Exercise material ->
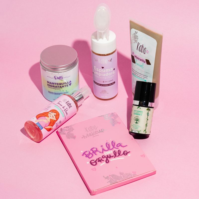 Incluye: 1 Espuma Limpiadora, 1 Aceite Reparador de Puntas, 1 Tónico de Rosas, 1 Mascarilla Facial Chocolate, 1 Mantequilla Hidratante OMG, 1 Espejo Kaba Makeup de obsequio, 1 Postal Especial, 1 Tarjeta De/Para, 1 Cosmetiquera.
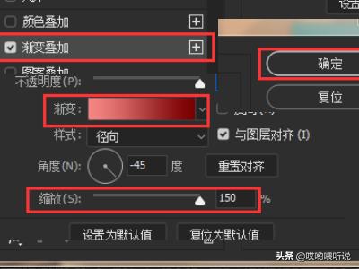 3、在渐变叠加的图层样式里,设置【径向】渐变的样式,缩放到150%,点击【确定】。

* * *

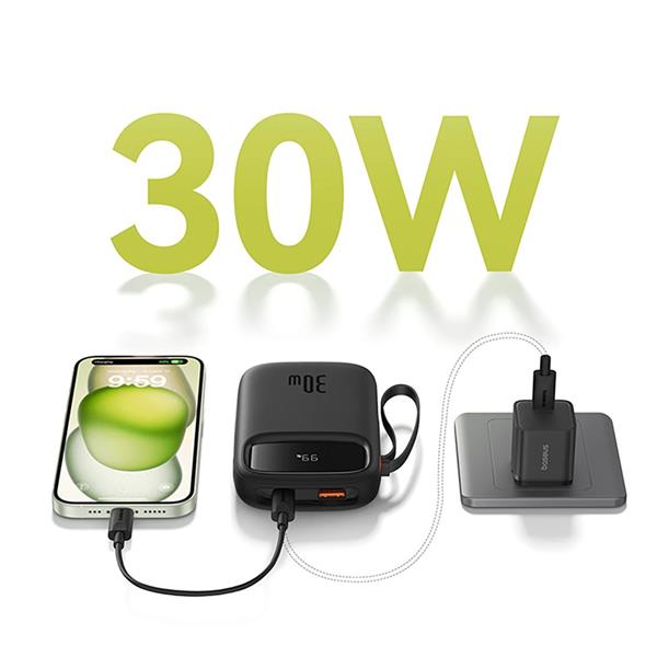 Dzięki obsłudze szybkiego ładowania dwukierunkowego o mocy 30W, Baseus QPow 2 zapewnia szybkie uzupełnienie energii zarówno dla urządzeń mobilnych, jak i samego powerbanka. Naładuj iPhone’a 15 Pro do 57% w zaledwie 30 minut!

==

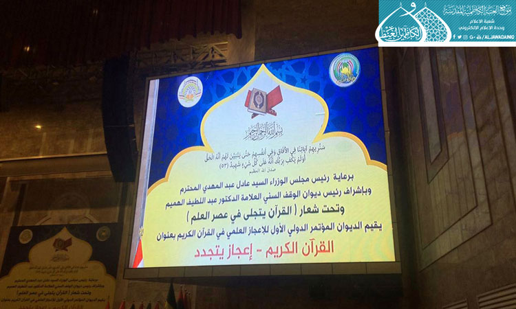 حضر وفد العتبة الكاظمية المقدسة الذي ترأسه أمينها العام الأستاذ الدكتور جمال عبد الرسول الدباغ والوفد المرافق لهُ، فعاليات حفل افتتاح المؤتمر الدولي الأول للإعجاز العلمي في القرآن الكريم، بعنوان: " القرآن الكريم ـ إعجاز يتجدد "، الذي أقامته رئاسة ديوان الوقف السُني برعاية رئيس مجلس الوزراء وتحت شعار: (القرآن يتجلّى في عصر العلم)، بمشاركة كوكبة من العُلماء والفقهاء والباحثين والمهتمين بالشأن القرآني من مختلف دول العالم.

What is being asked -> Please set down, exactly and with no pictures, the lines in the entries above starting at the one holding "Incluye: 1 Espuma" and ending at the one holding "3、在渐变叠加的图层样式里,设置【径向】", ends included.

Written response ->
 Incluye: 1 Espuma Limpiadora, 1 Aceite Reparador de Puntas, 1 Tónico de Rosas, 1 Mascarilla Facial Chocolate, 1 Mantequilla Hidratante OMG, 1 Espejo Kaba Makeup de obsequio, 1 Postal Especial, 1 Tarjeta De/Para, 1 Cosmetiquera.
 3、在渐变叠加的图层样式里,设置【径向】渐变的样式,缩放到150%,点击【确定】。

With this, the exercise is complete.